I'm honestly curious. (Context: I grew up in northern France and in the Netherlands, I'm 37 and male.) I am really not used to being touched and would never even consider breaking into someone's personal space. Exceptions for my girlfriend or shaking hands, of course. How does your need for physical contact feel? How can you tell whether the other will react well or not? Do people change after you've touched them? What happens in your mind if you have to keep your distances when you'd rather initiate contact?

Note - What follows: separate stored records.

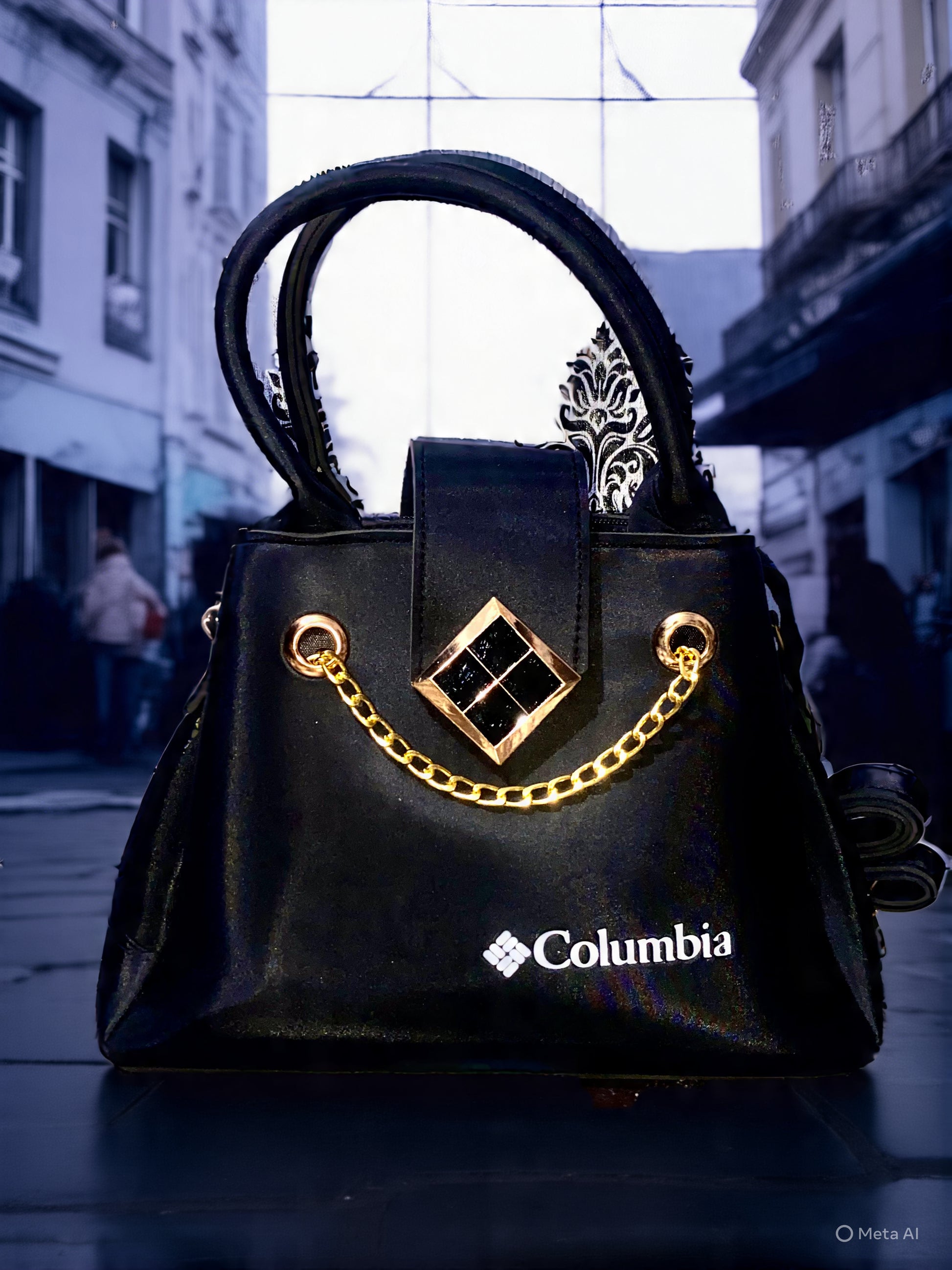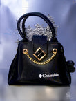 A black Columbia handbag with a gold chain and diamond-shaped clasp on the front. The bag has the white “Columbia” logo printed on it and features spiked, silver decorative handles at the back.
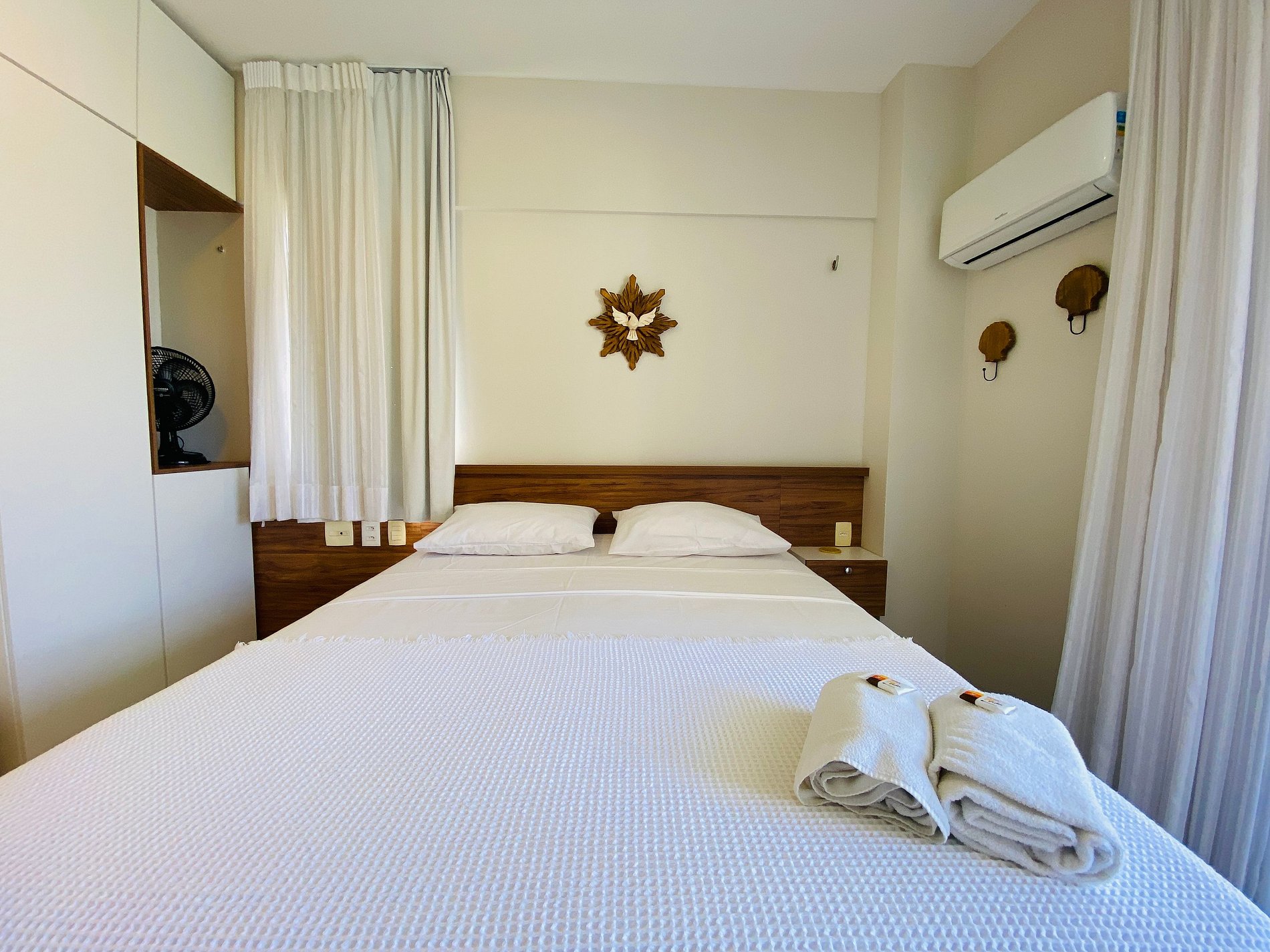 Nossas acomodações contam com roupas de cama, contendo um lençol elástico, um lençol de cobrir e fronhas de acordo com o tamanho da cama. Edredons serão disponibilizados mediante solicitação antecipada.
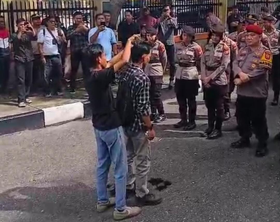Foto: Demo Korban pengeroyokan dkk, menuntut keadilan untuk penetapan status hukum tersangka pelaku pengeroyokan beberapa waktu yang lalu di samping Mapolda Riau

I always use to touch when I talk to those who I know damn well. So when I know they trust me I touch otherwise I keep distance. I also only do that when I'm talking about something interesting or important to remember it. I was a lot of times fooled, "betrayed" and set up by my so called friends so it's important for me to feel that they are there to help me. I can tell by the first time I did it I asked them if it bothers them or not. My friend a lot of times trusts me more the closer I go to him. My personality also includes me pulling my friends into sibling hugs (male, female doesn't matter) If I wan't to initiate contact but I have to keep distance then I try to steer the topic in a direction until they trust me enough to let me touch them. I respect their pride or personal space as I have friends who don't mind if I touch them but not in public. I also use to apologize if I do it and won't do it again unless they don't mind. I use to touch to get people's attention since I'm*
So apparently I walk really quietly, and when I try to get someone's attention, instead of tapping them I loudly whisper 'hey' and people think I am sneaking up on them.